SQL> explain plan set statement_id '101' for select * from t where val2=101;


Explained.


SQL> explain plan set statement_id '102' for select * from t where val2=102;


Explained.


SQL> explain plan set statement_id '103' for select * from t where val2=103;


Explained.


SQL> explain plan set statement_id '104' for select * from t where val2=104;


Explained.


SQL> explain plan set statement_id '105' for select * from t where val2=105;


Explained.


SQL> explain plan set statement_id '106' for select * from t where val2=106;


Explained.


SQL> select statement_id,cardinality from plan_table where id=0 order by statement_id;


STATEMENT_ID    CARDINALITY

------------------------------ -----------

101                                      8    --執行計劃中的rows就是從頻度直方圖中取到的。

102                                     25

103                                     68

104                                    185

105                                    502

106                                    212


6 rows selected.


SQL> select * from t where val2=101;


8 rows selected.



Execution Plan

----------------------------------------------------------

Plan hash value: 289244162


----------------------------------------------------------------------------------------

| Id  | Operation                   | Name     | Rows  | Bytes | Cost (%CPU)| Time     |

----------------------------------------------------------------------------------------

|   0 | SELECT STATEMENT            |          |     8 |  2136 |     3   (0)| 00:00:01 |

|   1 |  TABLE ACCESS BY INDEX ROWID| T        |     8 |  2136 |     3   (0)| 00:00:01 |

|*  2 |   INDEX RANGE SCAN          | T_VAL2_I |     8 |       |     1   (0)| 00:00:01 |

----------------------------------------------------------------------------------------


Predicate Information (identified by operation id):

---------------------------------------------------


  2 - access("VAL2"=101)


Statistics

----------------------------------------------------------

         1  recursive calls

         0  db block gets

        10  consistent gets

         0  physical reads

         0  redo size

      2757  bytes sent via SQL*Net to client

       400  bytes received via SQL*Net from client

         2  SQL*Net roundtrips to/from client

         0  sorts (memory)

         0  sorts (disk)

         8  rows processed   --endpoint_number-lag(endpoint_number,1,0) over(order by endpoint_number)

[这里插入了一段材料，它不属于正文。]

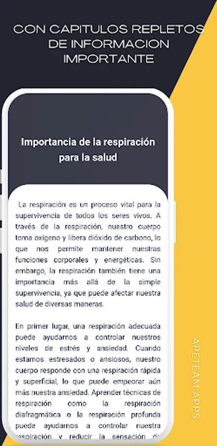 The "Breathing Techniques Course" application is a complete guide to learn and practice various breathing techniques that help to improve health and well-being. With a clear and easy-to-follow content structure, this course provides essential information about the anatomy and physiology of breathing, as well as the benefits that regular practice of breathing techniques can bring to our daily life.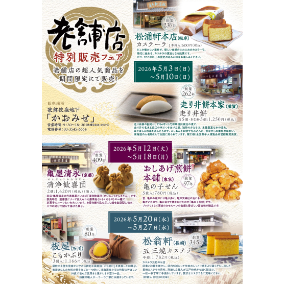- 5月限定!老舗店特別販売フェアのお知らせ~地下2階「お土産処かおみせ」

SQL> select * from t where val2=106;


212 rows selected.



Execution Plan

----------------------------------------------------------

Plan hash value: 1601196873


--------------------------------------------------------------------------

| Id  | Operation         | Name | Rows  | Bytes | Cost (%CPU)| Time     |

--------------------------------------------------------------------------

|   0 | SELECT STATEMENT  |      |   212 | 56604 |    11   (0)| 00:00:01 |

|*  1 |  TABLE ACCESS FULL| T    |   212 | 56604 |    11   (0)| 00:00:01 |

--------------------------------------------------------------------------


Predicate Information (identified by operation id):

---------------------------------------------------


  1 - filter("VAL2"=106)



Statistics

----------------------------------------------------------

         1  recursive calls

         0  db block gets

        57  consistent gets

         0  physical reads

         0  redo size

     58464  bytes sent via SQL*Net to client

       554  bytes received via SQL*Net from client

        16  SQL*Net roundtrips to/from client

         0  sorts (memory)

         0  sorts (disk)

       212  rows processed


模擬等高直方圖的計算過程


select count(1),max(val2),bucket from(

select val2,ntile(5) over(order by val2) as bucket from t)

group by bucket;


 COUNT(1)  MAX(VAL2)     BUCKET

---------- ---------- ----------

      200        104          1

      200        105          2

      200        106          4

      200        106          5

      200        105          3


強制作等高直方圖:

SQL> exec dbms_stats.gather_table_stats(user,'t',estimate_percent=>100,method_opt=>'for all columns size 5',cascade=>true);


PL/SQL procedure successfully completed.


SQL>select column_name,num_buckets,num_distinct,density,histogram from user_tab_col_statistics where table_name='T';


COLUMN_NAME                    NUM_BUCKETS NUM_DISTINCT    DENSITY HISTOGRAM

------------------------------ ----------- ------------ ---------- ---------------

ID                                       5         1000       .001 HEIGHT BALANCED

VAL1                                     5          871    .001288 HEIGHT BALANCED

VAL2                                     5            6 .138244755 HEIGHT BALANCED

VAL3                                     5            6 .138244755 HEIGHT BALANCED

PAD                                      5         1000       .001 HEIGHT BALANCED


全部變爲等高直方圖


SQL> select endpoint_value,endpoint_number from user_tab_histograms where table_name='T' and column_name='VAL2' order by endpoint_number;


ENDPOINT_VALUE ENDPOINT_NUMBER   --此時ENDPOINT_NUMBER由值變爲桶號

-------------- ---------------

          101                          0

          104                         1

          105                          3

          106                          5


0——表示開始點,從101開始:

1——桶1:104最大值       101,102,103,104  ——估計每個值50個,          

2                                             104,105  桶2沒顯示錶示結束值和下面的桶一樣  

3——桶3:105最大值       105                            

4                                              105,106                            

5——桶5:106最大值   --記錄的是區間的結束點    



101:200/4=50

102:200/4=50

103:200/4=50

104:150

105:100+200+100=400

106:200+100=300


SQL> conn hr/hr

Connected.

SQL> explain plan set statement_id '101' for select * from t where val2=101;


Explained.


SQL> explain plan set statement_id '102' for select * from t where val2=102;


Explained.


SQL> explain plan set statement_id '103' for select * from t where val2=103;


Explained.


SQL> explain plan set statement_id '104' for select * from t where val2=104;


Explained.


SQL> explain plan set statement_id '105' for select * from t where val2=105;


Explained.


SQL> explain plan set statement_id '106' for select * from t where val2=106;


Explained.


SQL> select statement_id,cardinality from plan_table where id=0 order by statement_id;


STATEMENT_ID    CARDINALITY

------------------------------ -----------

101                                     50

102                                     50

103                                     50

104                                     50    --?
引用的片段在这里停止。